Track B: execution failed for federated without messages

Hi @jayqi!

I’m observing a weird failure for my federated smoke test (at timestep 2023-01-23 20:23:47 UTC).

My code has successfully ran till the testing stage of the 3rd scenario, and then it abruptly failed at without any error messages. I’m not too sure if it’s a memory issue, after seeing that:

  • it has successfully finished the first 2 scenarios for all clients
  • the most memory intensive data preprocessing stage finished succesfully
  • the same model training/inference code can finish for the central evaluation runtime

Could you please give some pointers as to why the submission failed?
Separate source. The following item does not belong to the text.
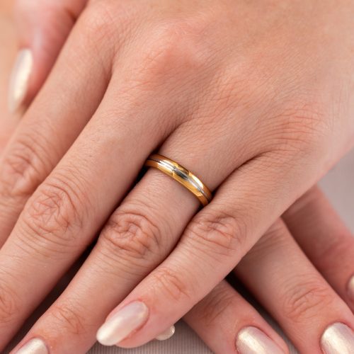 - Aliança de aço hipoalergênico banhada por finas camadas de ouro

Would it be due to time limit or memory limit? Thanks!

Also, if it is indeed a time/memory issue, would you please consider increasing the limit for the runtime? From the public leaderboard it seems that not a lot of teams have successfully made a submission to the federated runtime.

Thanks!

Hi @kzliu,

For your federated smoke test submitted at 2023-01-23 20:23:47 UTC, it was likely killed because you hit the time limit of 9 hours. This is consistent with the final log message being at 2023-01-24 05:22:28 UTC.

The smoke test uses approximately 30% as much data as the normal submission, and has the time limit set to half of the time. (A normal evaluation submission for Track B has a time limit of 18 hours.)

Given that you ran out of time on the smoke test, you should consider making optimizations or adjusting hyperparameters to speed things up.

1 Like